The bundling framework for mobility changes
As technology has become the new catalyst for progress, every industry giant must innovate to find new technologies in order to keep growing.
This is especially true in rapidly changing industries such as the auto industry. Micro-mobility, autonomous cars, electric cars, mapping & navigation, vehicle marketplaces, and more have experienced massive change in recent years. These changes have “twisted the industries arm” into progress and forced automakers to confirm with trends. In this article, I will illustrate the idea of implementing new technologies in vehicles by using a bundling framework. The framework is called leaders, fillers, and killers. It works like this:
Leaders are the standard capabilities that customers require and are willing to pay for. They are must-haves.

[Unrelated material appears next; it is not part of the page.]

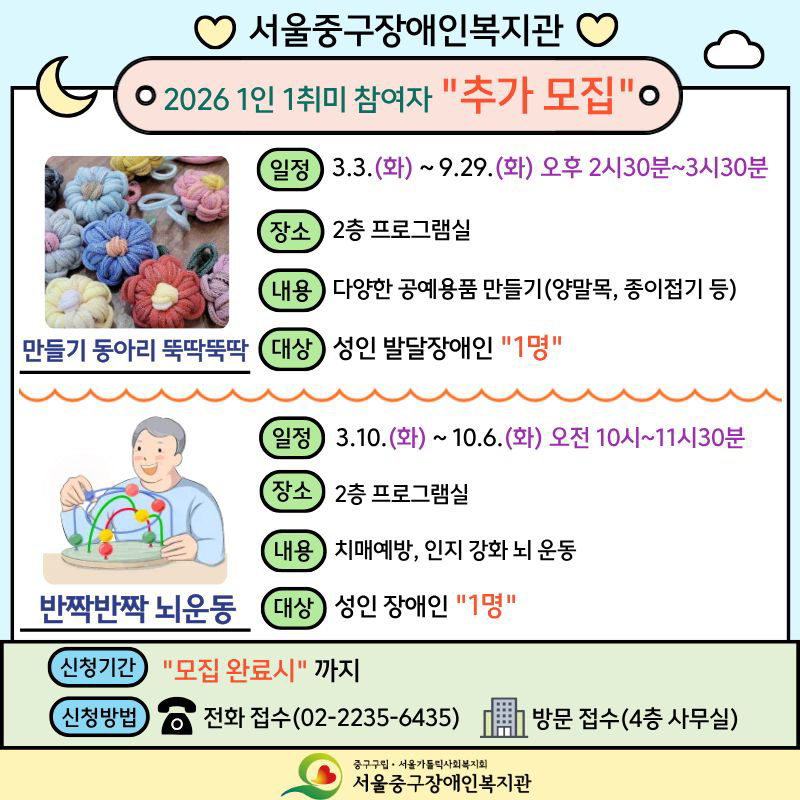 만들기 동아리 '뚝딱뚝딱':성인 장애인 1명/반짝반짝 뇌운동:성인 장애인 1명

Fillers are the optional capabilities included in a bundle but are not deemed influential enough to impact buying behavior. Customers would love to have them but not enough to pay more…
Killers decrease the bundle value from a buyer’s perspective. No one wants to pay for something they do not want or need. They may be nice but are considered an unnecessary cost included in the bundle…
Think about the value meal at a fast-food restaurant. The leader Is the hamburger. It’s what everyone wants and comes to the store to buy. All meals must include some variation of the hamburger…
The fillers are the fries and coke. They are sweetening the deal and creating more value to the consumer looking for the traditional sides to every hamburger meal. This drives additional sales and leads to higher average revenue per customer.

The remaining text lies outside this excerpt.